Le fameux Olivier, va ! 

Un jour il est né, les pieds coincés dans la terre en tentant, à chaque moment, de s’envoler le plus haut possible pour pouvoir éparpiller sa vision. Il semble tellement s’ennuyer, qu’il n’a pas d’autre choix que d’être très créatif. Ses vues délirent au fur et à mesure du temps qu’il passe à nos côtés. Il nous observe, nous étudie et arrive quelques fois à une conclusion rudimentaire sur notre existence si perturbante pour lui.

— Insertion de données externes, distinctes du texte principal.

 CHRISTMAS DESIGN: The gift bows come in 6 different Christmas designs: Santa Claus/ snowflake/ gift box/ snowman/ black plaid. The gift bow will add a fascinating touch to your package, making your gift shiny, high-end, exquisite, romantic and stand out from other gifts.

Son regard perçoit notre main qui le rend peureux. Cette main est parfois si méprisante pour lui, si agressive et nuisible envers lui. Épisodiquement, heureusement, il sait que nous lui sommes avantageux aussi. Il doit se libérer de ses nombreuses créations d’olives. Là, le joli petit arbre est heureux de nous les offrir, ce qui semble nous rendre joyeux de les avaler. Joli Olivier, il essaie d’analyser notre corps pour voir ce que ses petites filles deviennent dans notre estomac. Il reste perplexe… elles tournent dans tous les sens dans notre corps. Et puis ? Nous rendent-elles créatifs ? Que sont elles devenues ? Il ne les voit pas sortir de notre corps…. par où ? Comment ? Notre corps lui apparaît  fini après nos intestins… L’olivier n’est pas suffisamment observateur, ou un peu trop timide à mon goût. Il ne voit qu’une espèce de chapeau qui nous coupe en deux. Que sont elles devenues ses petites Olives ? Il nous aperçoit comme les inventeurs de ces chapeaux si bizarres. Mais il y en a tellement ! Autant que ses accouchements d’olives. Ces chapeaux ne peuvent être que la transformation de ses jeunes filles. Pauvre Olivier, le voilà bien déçu de l’œuvre que nous accomplissons avec ses olives. Elles lui semblent tellement inutiles ! Des chapeaux !!! 

Olivier ne peut en conclure que notre vie est bien inutile sur cette planète. Nous lui semblons tellement égoïstes pour rien. Il aurait préféré que ses olives tombent tout seules parterre et repoussent bien plus souvent. La planète serait tellement plus agréable et moins stupide à contempler ! Grâce à ça, sa vision aurait pu être bien plus large avec le temps.